The short-lived superoxide modifies and inhibits a guanosine triphosphate (GTP) binding enzyme (Rho1) that normally blocks the assembly of a polymeric microfilament protein (F-actin) at wound edges. ‘In all species, the assembly of F-actin is required to close a wound. So mitochondrial superoxide transiently inhibits an inhibitor of wound healing, opening a window for improving wound healing,’ explains Brigitte Galliot at the University of Geneva in Switzerland, who studies wound healing in the invertebrate Hydra and identified superoxide production in its wounds.

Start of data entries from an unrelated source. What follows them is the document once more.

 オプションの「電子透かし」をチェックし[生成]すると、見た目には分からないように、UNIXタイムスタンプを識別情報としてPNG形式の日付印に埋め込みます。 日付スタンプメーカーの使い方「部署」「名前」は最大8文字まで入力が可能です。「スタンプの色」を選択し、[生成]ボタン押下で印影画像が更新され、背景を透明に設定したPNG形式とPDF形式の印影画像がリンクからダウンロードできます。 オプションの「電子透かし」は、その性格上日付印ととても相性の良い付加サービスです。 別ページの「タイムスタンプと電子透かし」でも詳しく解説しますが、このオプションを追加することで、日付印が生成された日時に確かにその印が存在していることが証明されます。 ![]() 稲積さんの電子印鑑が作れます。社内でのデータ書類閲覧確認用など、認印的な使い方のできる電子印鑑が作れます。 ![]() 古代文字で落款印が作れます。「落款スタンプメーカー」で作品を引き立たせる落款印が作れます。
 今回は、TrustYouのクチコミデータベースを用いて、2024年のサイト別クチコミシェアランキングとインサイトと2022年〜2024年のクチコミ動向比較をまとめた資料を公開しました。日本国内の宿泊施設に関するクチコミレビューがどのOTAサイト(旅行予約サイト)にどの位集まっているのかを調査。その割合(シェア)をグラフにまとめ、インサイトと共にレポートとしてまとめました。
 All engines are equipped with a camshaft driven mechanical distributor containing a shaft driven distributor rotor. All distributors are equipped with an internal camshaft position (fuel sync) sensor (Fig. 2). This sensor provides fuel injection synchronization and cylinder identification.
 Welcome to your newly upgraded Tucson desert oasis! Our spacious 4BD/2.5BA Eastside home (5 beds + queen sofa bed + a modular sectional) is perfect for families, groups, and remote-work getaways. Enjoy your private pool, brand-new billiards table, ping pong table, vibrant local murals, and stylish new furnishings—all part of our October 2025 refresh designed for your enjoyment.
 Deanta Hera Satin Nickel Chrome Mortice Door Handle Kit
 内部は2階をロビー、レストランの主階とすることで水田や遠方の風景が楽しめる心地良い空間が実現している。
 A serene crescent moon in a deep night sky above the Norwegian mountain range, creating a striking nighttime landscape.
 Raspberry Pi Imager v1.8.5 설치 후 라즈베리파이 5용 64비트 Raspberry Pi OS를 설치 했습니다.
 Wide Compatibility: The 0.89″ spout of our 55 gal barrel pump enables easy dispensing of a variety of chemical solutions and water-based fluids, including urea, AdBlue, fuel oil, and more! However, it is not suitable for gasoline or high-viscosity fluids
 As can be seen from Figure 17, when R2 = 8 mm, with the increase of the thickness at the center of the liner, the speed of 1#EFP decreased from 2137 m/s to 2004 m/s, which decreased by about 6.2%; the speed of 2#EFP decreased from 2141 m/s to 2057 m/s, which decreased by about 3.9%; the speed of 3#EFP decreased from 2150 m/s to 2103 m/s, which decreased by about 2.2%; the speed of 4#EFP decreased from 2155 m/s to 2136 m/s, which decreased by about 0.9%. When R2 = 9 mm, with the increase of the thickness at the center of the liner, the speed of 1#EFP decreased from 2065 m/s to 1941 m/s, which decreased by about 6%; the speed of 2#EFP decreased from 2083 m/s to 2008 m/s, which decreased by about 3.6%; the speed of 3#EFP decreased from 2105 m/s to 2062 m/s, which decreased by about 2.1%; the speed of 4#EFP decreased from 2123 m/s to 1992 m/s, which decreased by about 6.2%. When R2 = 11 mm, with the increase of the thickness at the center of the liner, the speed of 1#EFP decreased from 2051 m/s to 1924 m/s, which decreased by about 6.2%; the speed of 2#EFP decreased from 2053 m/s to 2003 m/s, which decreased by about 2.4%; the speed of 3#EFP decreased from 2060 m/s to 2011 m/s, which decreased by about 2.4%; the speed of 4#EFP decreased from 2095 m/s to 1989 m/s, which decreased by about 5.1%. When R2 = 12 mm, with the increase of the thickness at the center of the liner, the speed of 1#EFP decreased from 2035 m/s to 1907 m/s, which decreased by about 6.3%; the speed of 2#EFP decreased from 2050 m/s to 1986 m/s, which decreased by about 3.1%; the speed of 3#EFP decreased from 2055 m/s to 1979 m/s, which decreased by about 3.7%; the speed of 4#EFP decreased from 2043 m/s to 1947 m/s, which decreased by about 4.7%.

She says this within-cell ROS signal after injury and its protective role had been completely overlooked, possibly because ROS had a known role in clotting and inflammation via cell-to-cell signalling. The more limited nematode context, combined with Chisholm and his co-author Suhong Xu’s ability to visualise superoxide production with sensors to record the frequency and intensity of each ‘mitoflash’, lay at the heart of the revelation, Galliot says.

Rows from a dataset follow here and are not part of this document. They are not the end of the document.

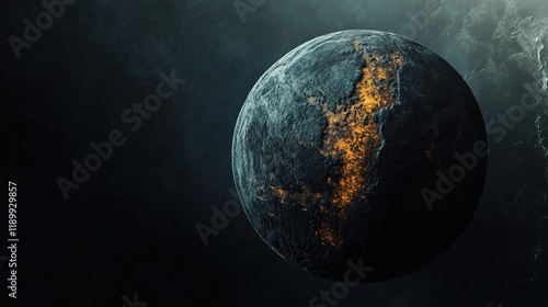 Wall mural glowing core of a desolate planet in the dark vastness of space: a digital art representation - Wall murals Wall mural glowing core of a desolate planet in the dark vastness of space: a digital art representation - Wall murals
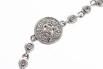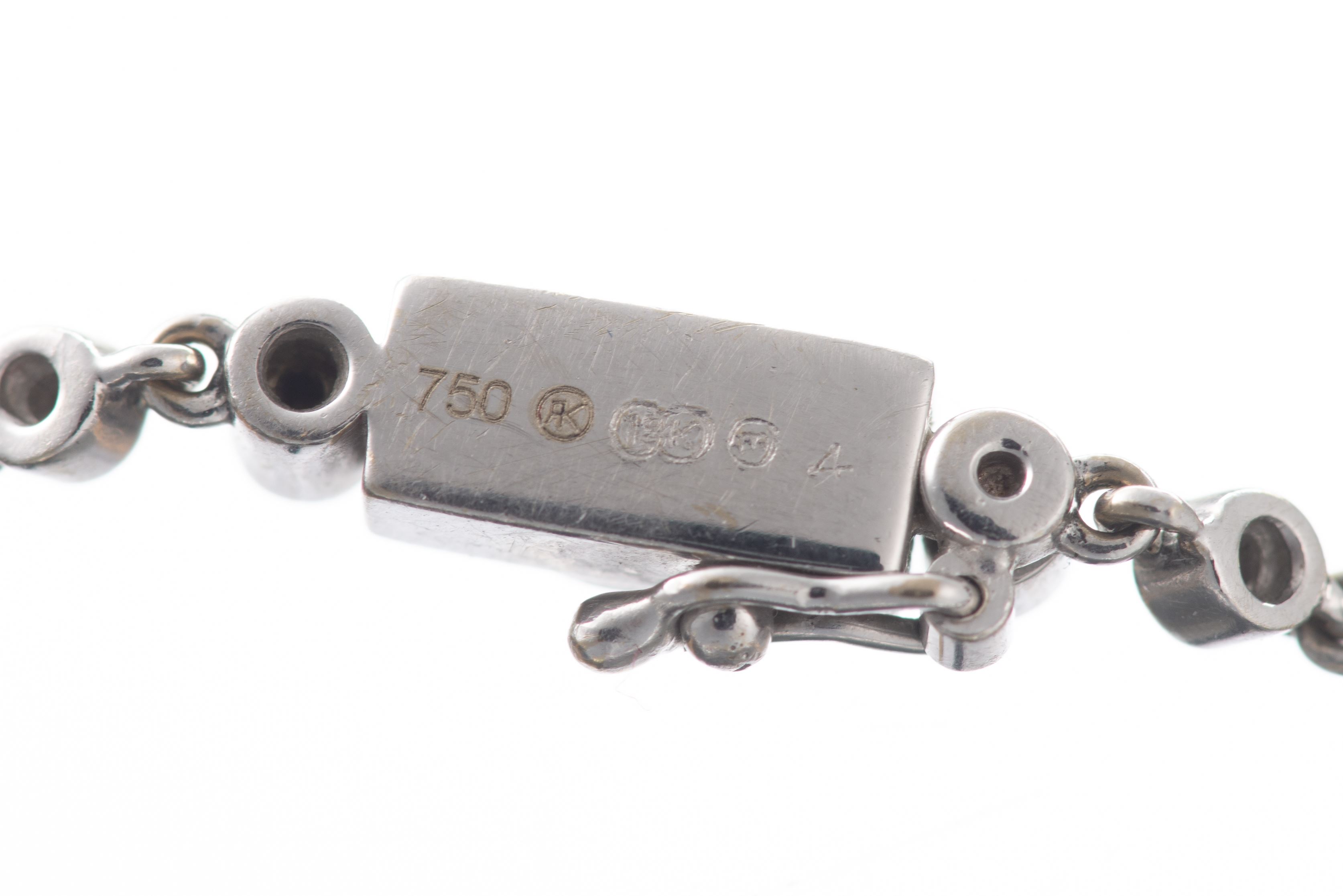 Bracelet rivière en or gris .750 serti de 90 diamants de taille brillant pour un total de 0.51 ct coul H. Décor de 4 motifs en forme de disque et 4 éléments en forme de goutte.
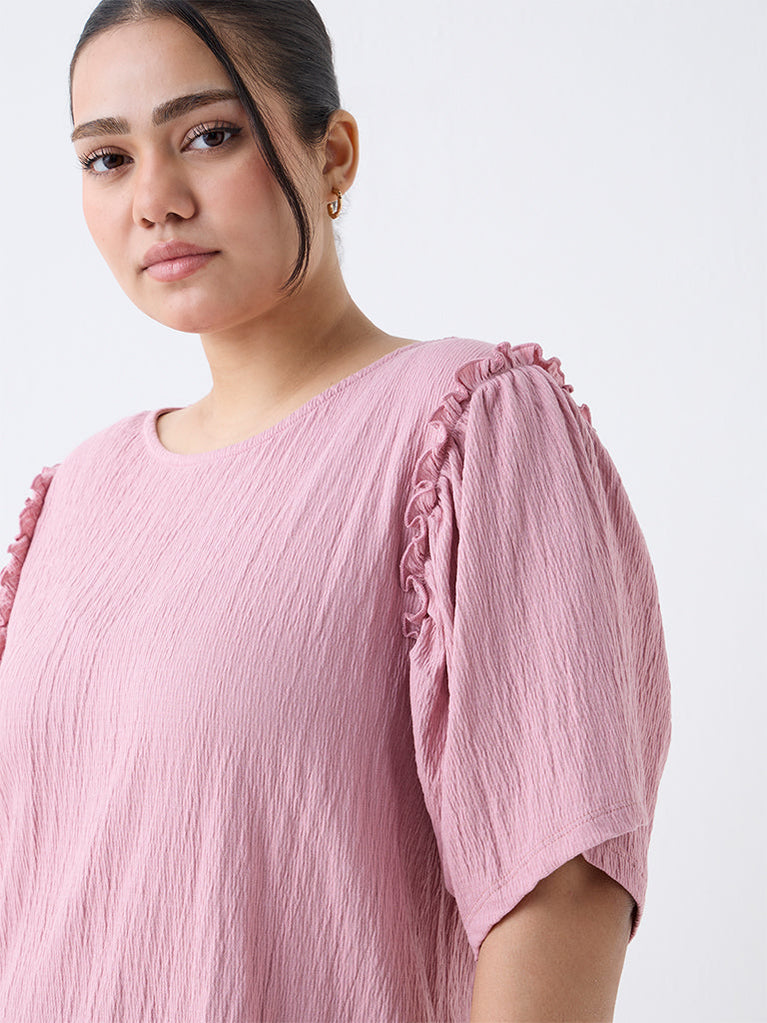 Perfect for soft, fuss-free dressing, this dusty pink top by Gia is crafted from a breezy crinkle-textured fabric that flatters without clinging. The round neck keeps it classic, while ruffle-detailed short sleeves add a playful, feminine touch.
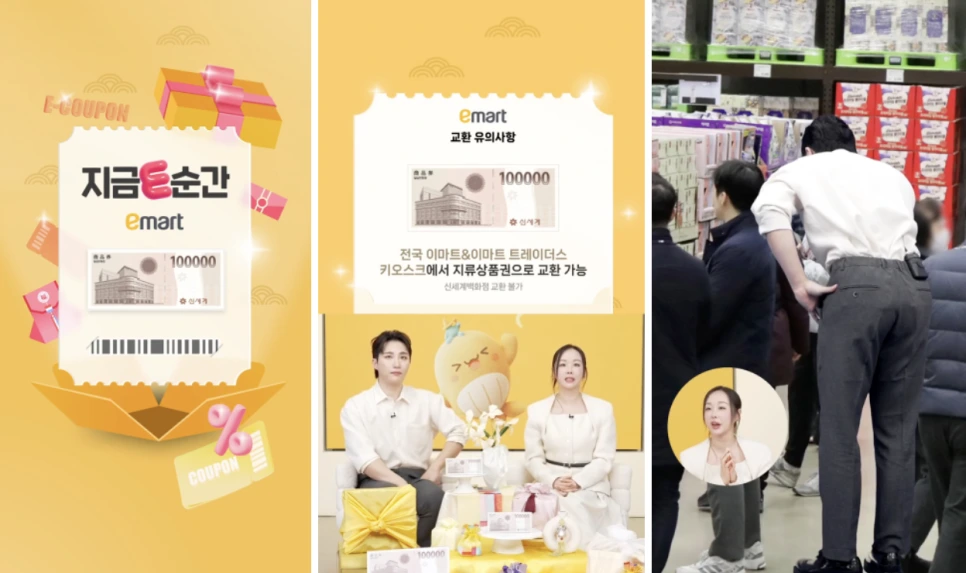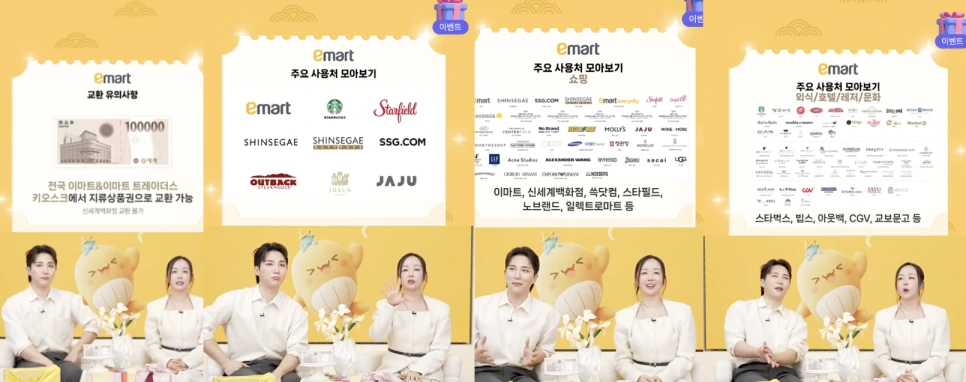 범용성 홍보: 나도 이번에 보면서 알게 됐는데 신세계 상품권 사용처가 엄청 많더라고. 그래서 앞으로 이게 단순한 마트용이 아니라, 정말 다양한 곳에서 쓸 수 있는 '통합권' 같은 성격임을 알리기 위함인 거 같음.

‘This discovery opens new ways to look at therapeutic approaches to treat chronic wounds. The positive effect of ROS on chronic wounds is already known,’ she says, but the mechanism was a mystery, whereas ‘now it will be possible to focus on the right target’. Approaches might include boosting superoxide production, preventing its too rapid degradation or targeting Rho.
‘This study indicated a crucial, non-housekeeping function of mitochondria as detectors of organism stress and mediators of tissue damage responses,’ adds Philipp Niethammer at Memorial Sloan Kettering Cancer Center in New York, who wrote a preview of the paper. His lab studies early signalling molecules, those generated within seconds of a wound being inflicted.

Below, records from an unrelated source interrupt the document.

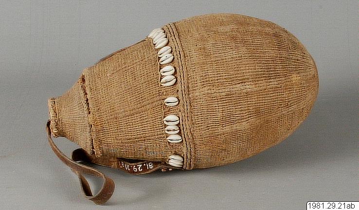 Mjölkkärl bestående av en kalebass överdragen med ett hölje gjort av grovväv. Kärlet är försett med en bärrem av läder. Runt halsen på kärlet sitter en rad kaurisnäckor. Till kärlet hör ett falsat lock av trä.
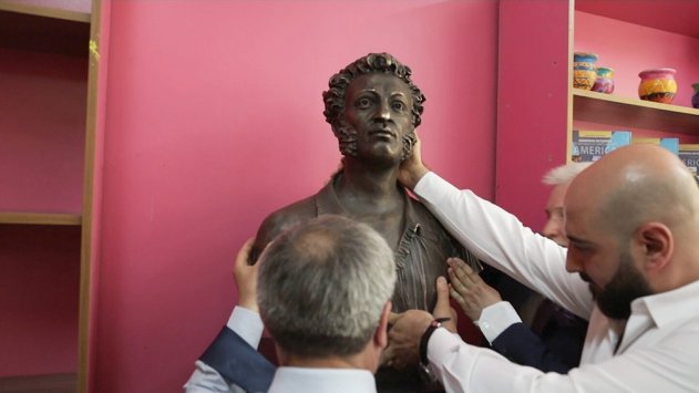 Наше смятение от неловкости за столь торжественный прием продолжалось и в момент установки бюста, переданного в дар школе Союзом писателей России, и особенно от концерта школьников, которые запели под аккомпанемент квартета струнных инструментов и аккордеона песню на слова Алексея Фатьянова на русском языке:
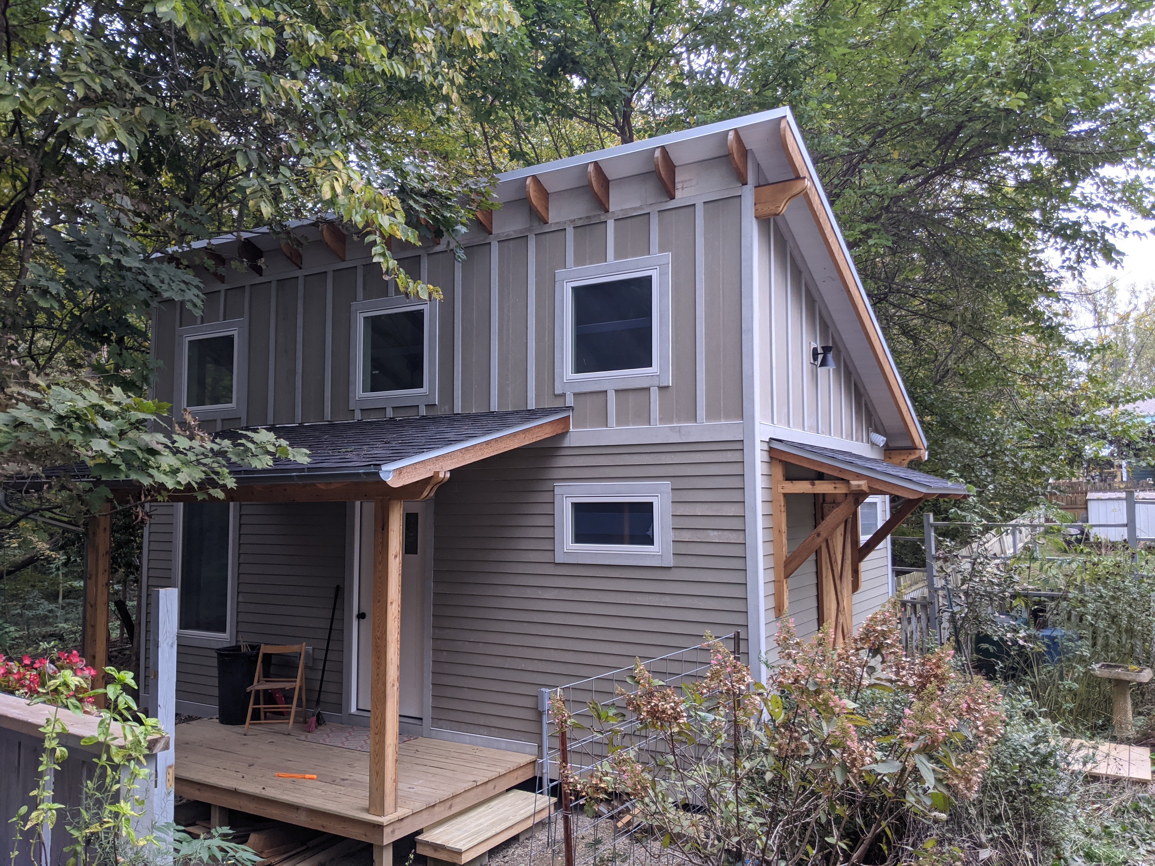 About the space: The Anchorhold is a 350 square foot tiny home nestled in a neighborhood in south central Bloomington, Indiana. To the east it faces a nature preserve, where you can watch deer, squirrels, and woodpeckers. Its western border is an enclosed garden. It is designed to be a quiet place, a refuge.
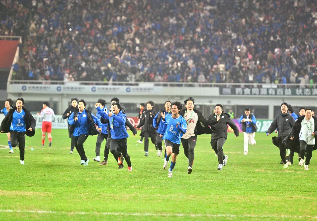 12月21日,在2025湖南省足球聯賽半決賽后,常德隊慶祝勝利。 郭立亮 攝

His breakthrough finding arrived serendipitously when he was studying a new hydrogen peroxide sensor. He induced a wound in zebrafish to attract white blood cells (leucocytes), which generate hydrogen peroxide, but discovered that it was the hydrogen peroxide that signalled leucocytes to the wound in the first place.6
‘ROS are toxic for cells at high concentrations,’ Niethammer notes, and it is assumed they worsen an already bad situation. This is still true in some cases, but he points to the ‘increasing notion that low levels of ROS help organisms to initiate biochemical self-repair and defence mechanisms, which allow them cope with the stressful situation’.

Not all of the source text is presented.